Communication & Collaboration Tooling
In order to implement the practices above, remote teams require the appropriate tools to maintain collaboration and communication in ways that keep people on the same page. Our developers will always gladly use our client’s preferred collaboration tools. However, in cases where there are none, we provide them along with guidance in how to use them. These tools can include any number of the following platforms:
- Group chat messengers like Slack that allow us to quickly and easily integrate communication layers, and even streamline other processes into the chat itself (via chatbots).
- A good project management platform is the bread and butter of modern software development.

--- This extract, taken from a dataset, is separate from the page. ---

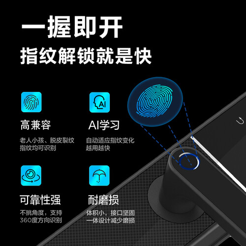 内置半导体指纹识别系统,可以快速准确的分析指纹,既安全又方便。支持手机APP操控,临时密码设置,客人到访无需等待。

Everything from project backlogs, features in development, task lists, documentation and much more should be stored in one easy-to-use place.
- Developer hourly logging is something special that Polcode provides, so that our clients can see exactly what was done, and what they’re paying for.
- Collaborative prototyping tools are often used during the MVP stages to get all stakeholders involved in how the app or feature will work (at least approximately).
Achieving Universal Alignment
Okay, it’s not realistic to perfectly align everyone, all the time, for every project. What matters in achieving business alignment with software development is that good communication is put front and center. Recurring meetings aren’t always enough to get sales, development, business, marketing and testers on the same page. Instead, practicing team alignment at every stage of the process ensures that everyone goes through the same journey, instead of experiencing an end-result. By moving towards the same goals, you can reverse-engineer ideal business outcomes without leaving anyone behind.